Top Feeder Companies to Columbia B-School

Columbia Business School seems to love MBA applicants from Deloitte Consulting. The Big Four consulting firm, a major recruiter of MBAs, has the largest single contingent of students among this year’s incoming MBA candidates: nearly 5% of the Class of 2013.

Deloitte has placed big elsewhere this year. The firm has sent the fifth largest single group to Harvard Business School, the seventh largest to Wharton, and the second largest to the Johnson School at Cornell University.

According to an analysis of Columbia’s Class of 2013 Facebook page profiles, Deloitte has twice as many MBA students in the class as McKinsey & Co., the second largest supplier of talent to the program this year. The Facebook sample shows 20 former employees from Deloitte versus 10 from McKinsey.

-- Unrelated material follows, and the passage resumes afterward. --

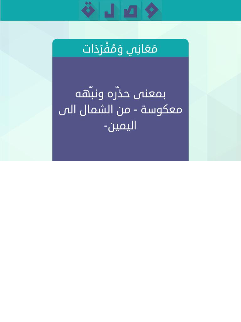 تم الإجابة عليه بمعنى حذره ونبهه معكوسة من الشمال الى اليمين من 5 حروف لعبة وصلة
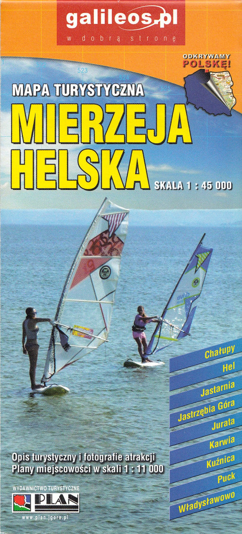 Turystyczna mapa Mierzei Helskiej i okolic w skali 1:45 000 z aktualnymi szlakami pieszymi i rowerowymi. Na rewersie strony umieszczono opis turystyczny z dokładnymi planami: Jastarni, Władysławowa, Kuźnicy, Helu, Juraty, Jastrzębiej Góry, Karwi, Chałup, Juraty i centrum Pucka w skali 1:11 000

Rounding out the top five company feeders are Citigroup, J.P. Morgan and Booz & Co. More consulting firms and financial companies filled out the top ten feeder companies to Columbia: Accenture, Bain, Boston Consulting Group, Corporate Executive Board, Deutsche Bank, Goldman Sachs, and Morgan Stanley. The only exception to the dominance of consulting and investment banking? The U.S. Army which has half a dozen members in the Facebook sample.

The Facebook data provides a rare glimpse into the educational and work backgrounds of the students accepted and enrolled at Columbia Business School. B-schools keep this information close to the vest, never disclosing this information in typical class profiles. Yet, it can often loom larger in admission decisions than an overall grade point average, a GMAT score, or the quality of the required essays. In fact, a company’s track record in sending employees to a school can often be an important sign of that firm’s stature in the eyes of admission officials.

The Columbia data was collected from the Facebook page for the Class of 2013. Poets&Quants was able to identify and confirm the undergraduate backgrounds of some 409 members of the class of 548 students who enrolled this August. (Columbia says it expects to enroll another 200 MBA students in its January start term). We then used that sample to estimate the number of students from any one institution in the full class.

There’s an extraordinary likeness to the incoming classes at other top schools. Ten of the top 13 feeder companies at Columbia, for example, are among the top 13 at Harvard Business School this year. The only three exceptions not among Harvard’s top 13: Accenture, the Corporate Executive Board, and Deutsche Bank. The companies were identical to Wharton’s top 11 firms with the exception of only Citigroup and the Corporate Executive Board.

The full list of Columbia Business School’s feeder organizations includes 21 employers that have just two students in the sample and an estimated three in the class. They range from financial players such as Gabelli, Glenview Capital, Lazard, PIMCO, and the Royal Bank of Scotland to Kraft Foods, Northrup Grumman, and Travelers.